**Source data:**
....
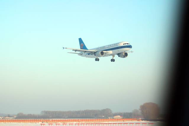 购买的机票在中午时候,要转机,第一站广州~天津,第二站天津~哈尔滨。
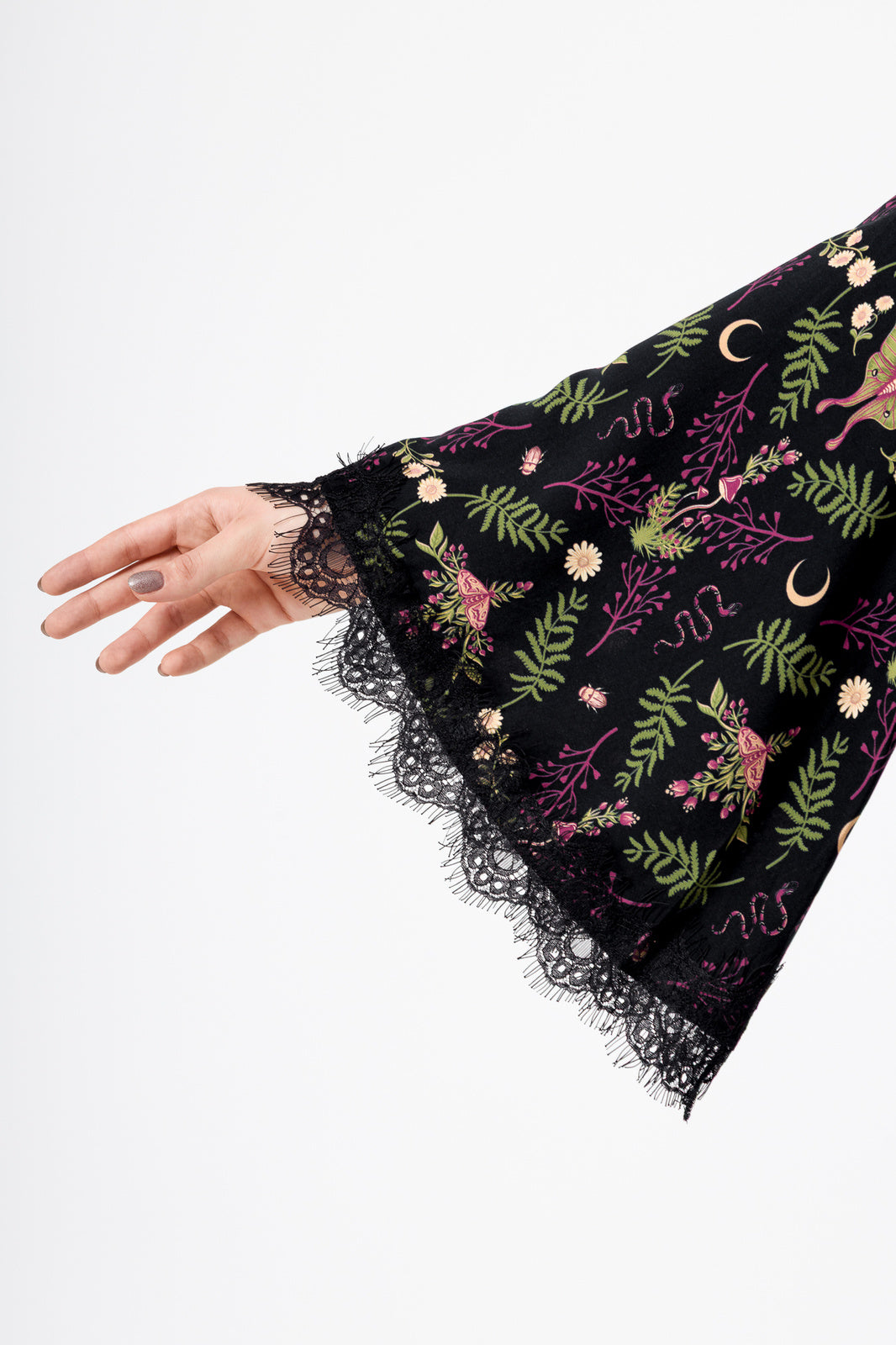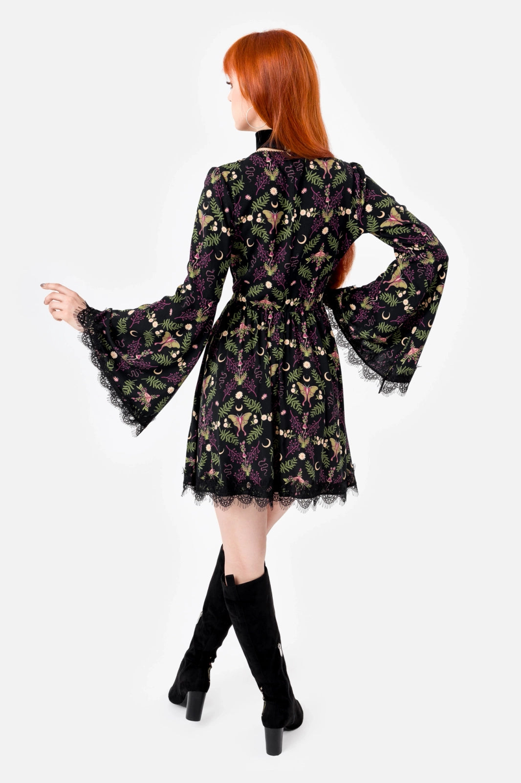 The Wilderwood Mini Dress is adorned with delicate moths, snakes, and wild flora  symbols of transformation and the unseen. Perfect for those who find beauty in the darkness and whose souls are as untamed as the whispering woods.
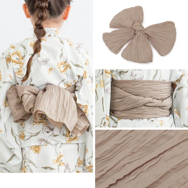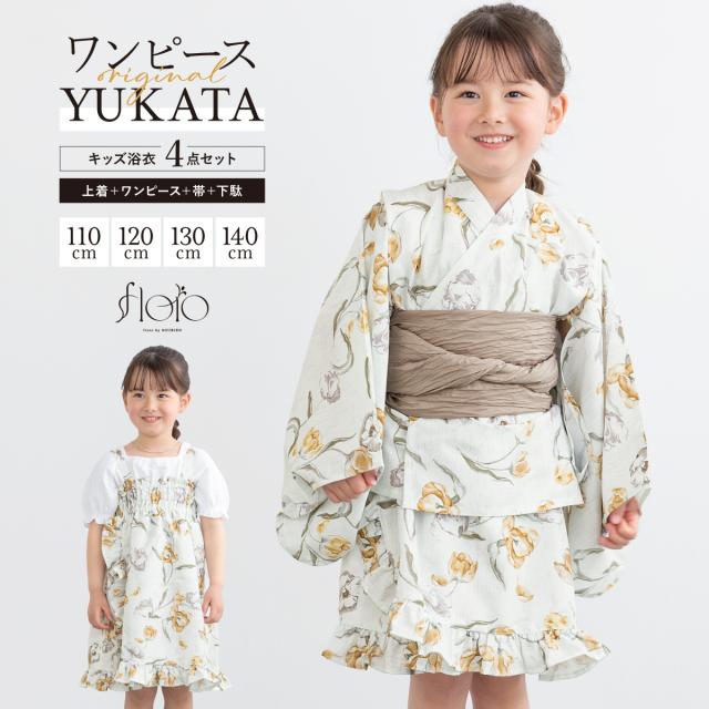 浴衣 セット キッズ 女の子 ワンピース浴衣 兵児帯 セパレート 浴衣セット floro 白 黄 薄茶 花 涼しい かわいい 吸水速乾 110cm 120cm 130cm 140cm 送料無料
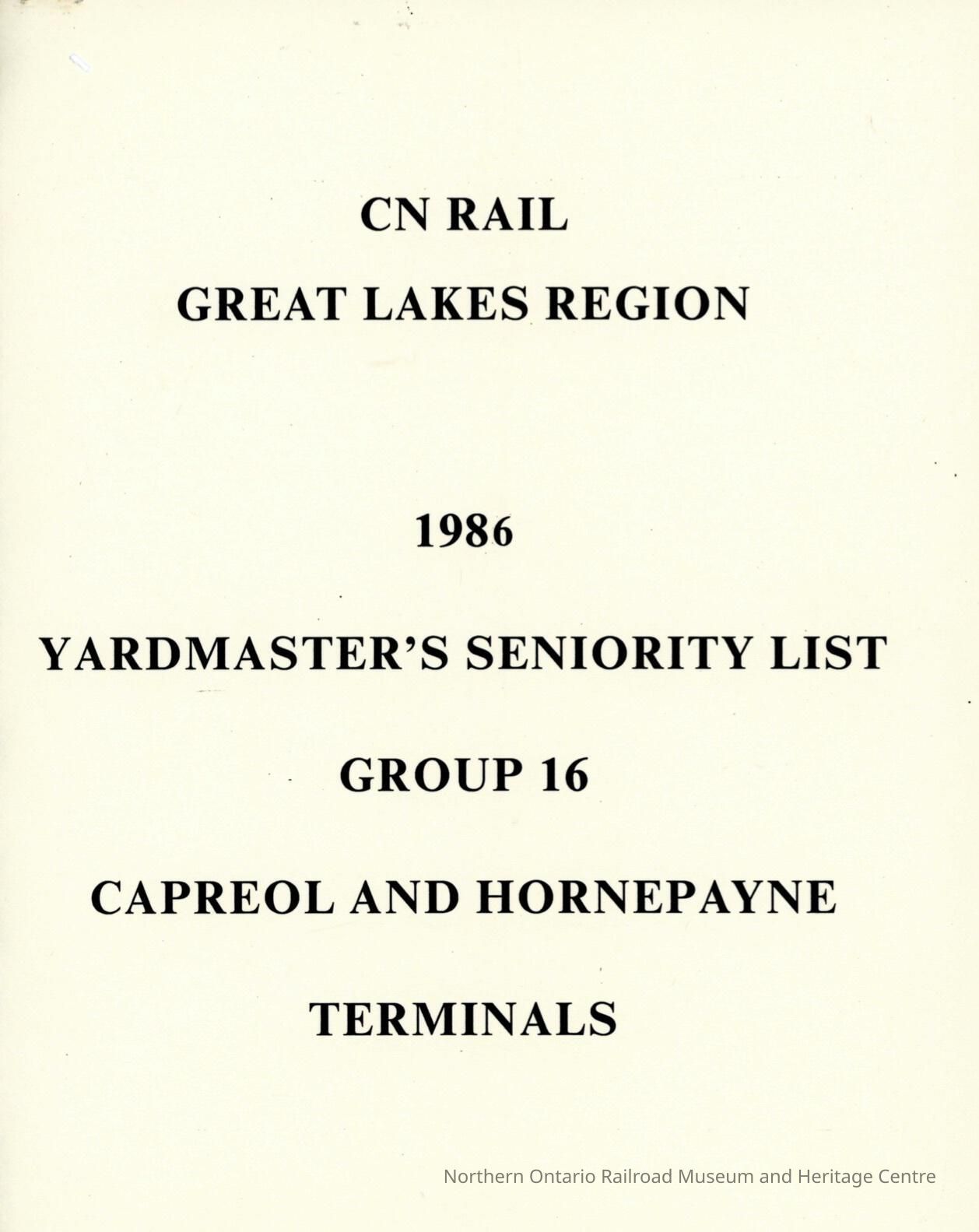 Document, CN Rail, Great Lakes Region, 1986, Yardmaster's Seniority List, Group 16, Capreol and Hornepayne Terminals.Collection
....
**What is expected:** Output the data above in full. Skip every picture.

**Result for this exercise:**
 购买的机票在中午时候,要转机,第一站广州~天津,第二站天津~哈尔滨。
 The Wilderwood Mini Dress is adorned with delicate moths, snakes, and wild flora  symbols of transformation and the unseen. Perfect for those who find beauty in the darkness and whose souls are as untamed as the whispering woods.
 浴衣 セット キッズ 女の子 ワンピース浴衣 兵児帯 セパレート 浴衣セット floro 白 黄 薄茶 花 涼しい かわいい 吸水速乾 110cm 120cm 130cm 140cm 送料無料
 Document, CN Rail, Great Lakes Region, 1986, Yardmaster's Seniority List, Group 16, Capreol and Hornepayne Terminals.Collection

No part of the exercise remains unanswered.